Incompréhension et isolement
Le grand regret de Laurence : que la maladie soit si méconnue, entraînant chez les patients un sentiment d’isolement et d’incompréhension. La réaction de l’entourage, en premier lieu, est décisive. Gilles, le mari de Laurence, la soutient depuis le début. « Je la connais, ce n’était pas dans ses habitudes de rester prostrée. Je voyais bien que quelque chose n’allait pas », raconte-t-il, avant de laisser sa compagne poursuivre. « Mais il y a des amis et des collègues qui n’ont pas compris, qui disaient que je n’avais pas envie de travailler, que j’étais juste fainéante… »
Pour lutter contre ce sentiment d’isolement et libérer la parole des malades, Laurence a créé l’association Ma fibromyalgie au quotidien en 2015, parce qu’ « une fois diagnostiqués, on est lâchés dans la nature sans savoir quoi faire ou à qui parler ». L’objectif : aider les malades dans leurs démarches, mais surtout leur permettre d’échanger entre eux pour qu’ils se sentent moins seuls. Ils le font au travers de cafés-rencontres, mais surtout d’un tchat, qui regroupe 2 500 personnes atteintes de fibromyalgie en France. « Il y a beaucoup de gens qui n’ont personne à qui en parler, et ce tchat est leur seul moyen de sortir du désarroi et de l’isolement. »

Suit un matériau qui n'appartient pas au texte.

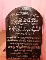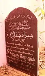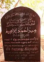 That night Periya Hazrat had a dream. A mass of people were running, and Periya Hazrat asked where they were going. People replied as they are going to see Allah's Tajalli. Periya Hazrat joined them. When they reached a place, at the top of a small hill, Allah's Tajalli was glittering very gloriously and everyone there enjoyed it. A voice came toward Moulana Meer Ahamed Ibrahim saying what you wished for is given. It was early morning and time for Fajr prayers when Hazrat woke up. Now Periya Hazrat’s teacher asked him again to leave the madharasa. He added, "Yesterday I told you to go, because you were unfit to learn, but today I need you to leave the madarasa as I am not qualified enough to teach you."[4] This is how Moulana Meer Ahamed Ibrahim became educated. Periya Hazrat then returned to His home town Madurai and started a madrassa to educate Muslims from all over Tamil Nadu. Many scholars of Islam in Tamil Nadu were Periya Hazrat’s students, and those scholars in turn started madrassas all over Tamil Nadu. For His outstanding wisdom and expertise in the Islamic Fiqh laws, Mir Ahamadh Ibrahim was appointed as the government chief Kazi of Madurai and Kaziul Kuzaat by the then Nawab of Carnatic in India. He served excellently with Khilafatship and Kaziship and added Glory to Islam in Madurai and other parts of Tamil Nadu.[5] Periya Hazrat died in 1872, at the age of 63, leaving four sons (Saajid Alaihir Rahma, Qadi Syed Abdul Qadir Ibrahim, Syed Mahmood Ahmad Ibrahim, Contractor Hazrat, constructor of Maqbara and Saqi Meer Niyamatullah Ibrahim) and a daughter, Saalima, wife Saalim Hazrat.

Le coucher de soleil, dont les couleurs traversent les vitres de la porte-fenêtre du salon, se reflète sur les cheveux bruns de Laurence. Lunettes sur le nez, vêtue d’une robe à fleurs, elle sourit. Après plusieurs années de difficultés au travail à cause de sa maladie, elle reprendra une formation via un Centre de réadaptation professionnelle (CRP) dans quelques semaines. Huit ans après l’arrivée de la maladie dans sa vie, elle garde son optimisme naturel.